Reproduce exactly the lines of the material beneath, from the line that contains "日本照明工業公會制定LED器具之「適用坪數」作為參考依據, Panasonic 使用坪數基準確實將光源擴散到客廳所有角落。" to the line that contains "2月29日,旅游外语学院在清", both included, and no other lines.

PROVIDED MATERIAL START

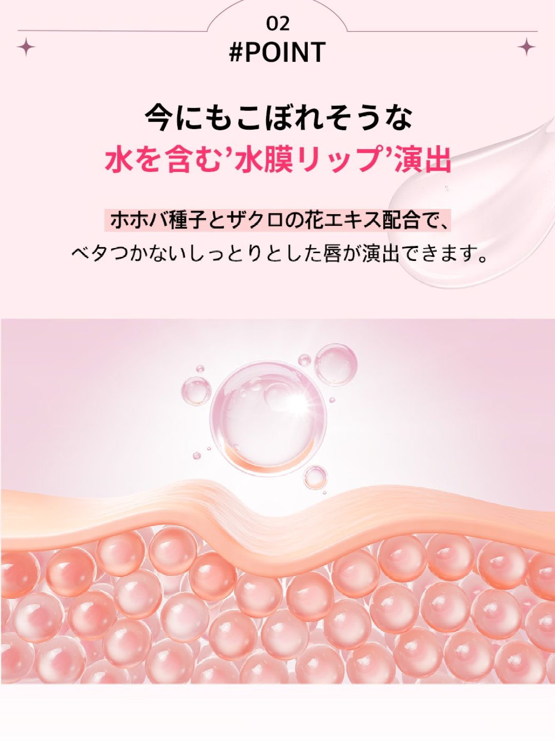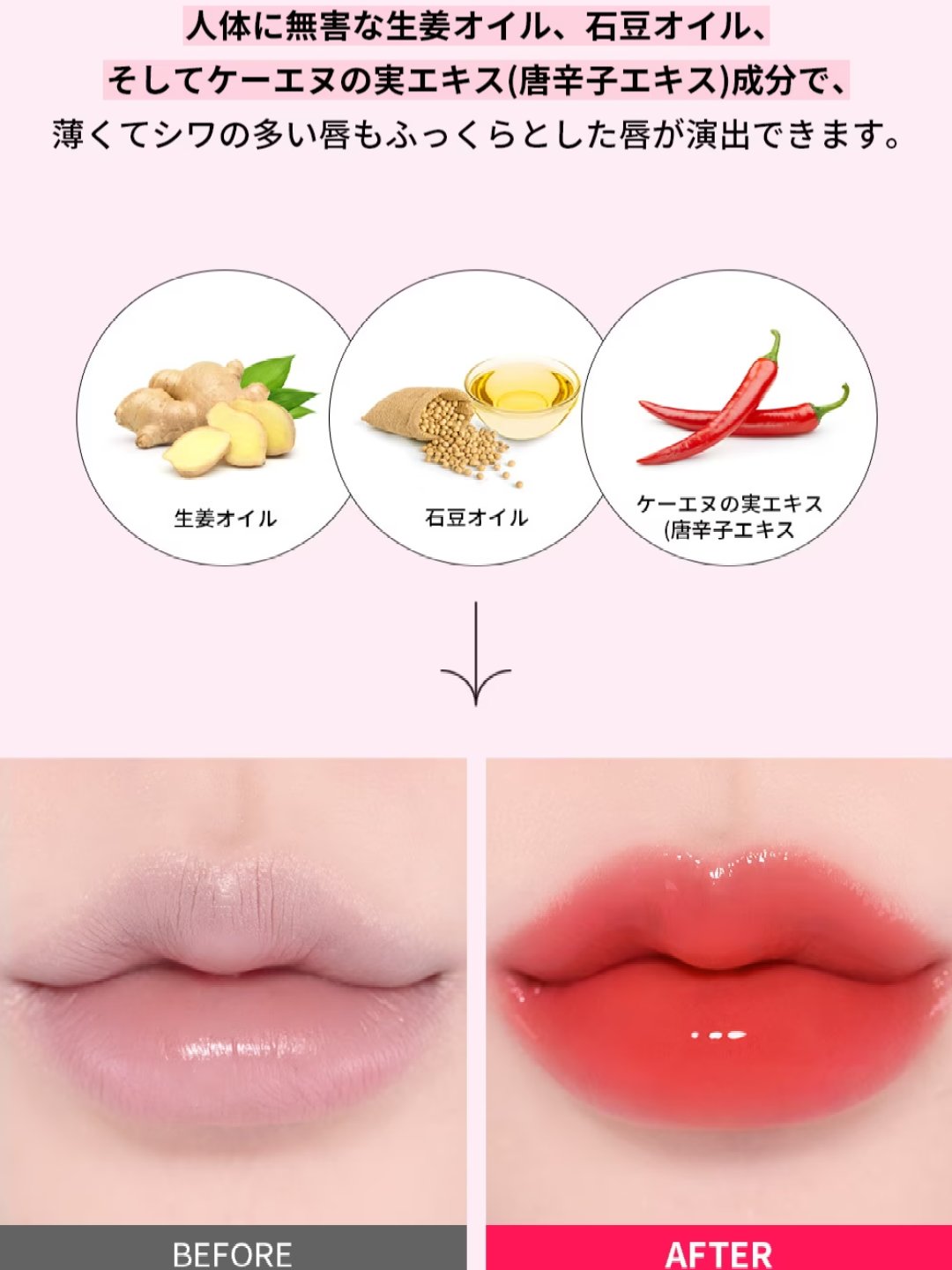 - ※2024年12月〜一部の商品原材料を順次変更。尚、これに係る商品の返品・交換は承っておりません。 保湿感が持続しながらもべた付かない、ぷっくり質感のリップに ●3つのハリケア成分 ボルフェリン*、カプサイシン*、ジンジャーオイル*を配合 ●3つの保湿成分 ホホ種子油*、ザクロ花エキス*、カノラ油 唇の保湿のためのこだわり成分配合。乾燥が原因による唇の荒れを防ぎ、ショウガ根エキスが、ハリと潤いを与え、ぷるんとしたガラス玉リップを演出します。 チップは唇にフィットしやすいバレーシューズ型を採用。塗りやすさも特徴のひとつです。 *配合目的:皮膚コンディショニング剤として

PROVIDED MATERIAL END
PROVIDED MATERIAL START

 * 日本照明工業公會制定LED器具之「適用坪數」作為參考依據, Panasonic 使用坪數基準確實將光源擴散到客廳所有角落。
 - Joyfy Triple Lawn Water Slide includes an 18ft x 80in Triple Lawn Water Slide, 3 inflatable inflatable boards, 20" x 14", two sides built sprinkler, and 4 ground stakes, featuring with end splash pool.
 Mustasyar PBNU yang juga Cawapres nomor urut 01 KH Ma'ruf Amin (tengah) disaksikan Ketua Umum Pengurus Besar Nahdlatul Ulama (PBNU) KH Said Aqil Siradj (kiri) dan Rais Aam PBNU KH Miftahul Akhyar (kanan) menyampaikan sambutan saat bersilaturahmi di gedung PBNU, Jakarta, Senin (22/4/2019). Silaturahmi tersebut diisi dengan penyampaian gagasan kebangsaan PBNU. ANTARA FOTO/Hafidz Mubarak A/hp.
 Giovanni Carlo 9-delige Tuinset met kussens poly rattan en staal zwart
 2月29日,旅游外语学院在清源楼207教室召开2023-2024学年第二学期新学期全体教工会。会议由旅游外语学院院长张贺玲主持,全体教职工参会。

PROVIDED MATERIAL END

[RESPONSE]:
 * 日本照明工業公會制定LED器具之「適用坪數」作為參考依據, Panasonic 使用坪數基準確實將光源擴散到客廳所有角落。
 - Joyfy Triple Lawn Water Slide includes an 18ft x 80in Triple Lawn Water Slide, 3 inflatable inflatable boards, 20" x 14", two sides built sprinkler, and 4 ground stakes, featuring with end splash pool.
 Mustasyar PBNU yang juga Cawapres nomor urut 01 KH Ma'ruf Amin (tengah) disaksikan Ketua Umum Pengurus Besar Nahdlatul Ulama (PBNU) KH Said Aqil Siradj (kiri) dan Rais Aam PBNU KH Miftahul Akhyar (kanan) menyampaikan sambutan saat bersilaturahmi di gedung PBNU, Jakarta, Senin (22/4/2019). Silaturahmi tersebut diisi dengan penyampaian gagasan kebangsaan PBNU. ANTARA FOTO/Hafidz Mubarak A/hp.
 Giovanni Carlo 9-delige Tuinset met kussens poly rattan en staal zwart
 2月29日,旅游外语学院在清源楼207教室召开2023-2024学年第二学期新学期全体教工会。会议由旅游外语学院院长张贺玲主持,全体教职工参会。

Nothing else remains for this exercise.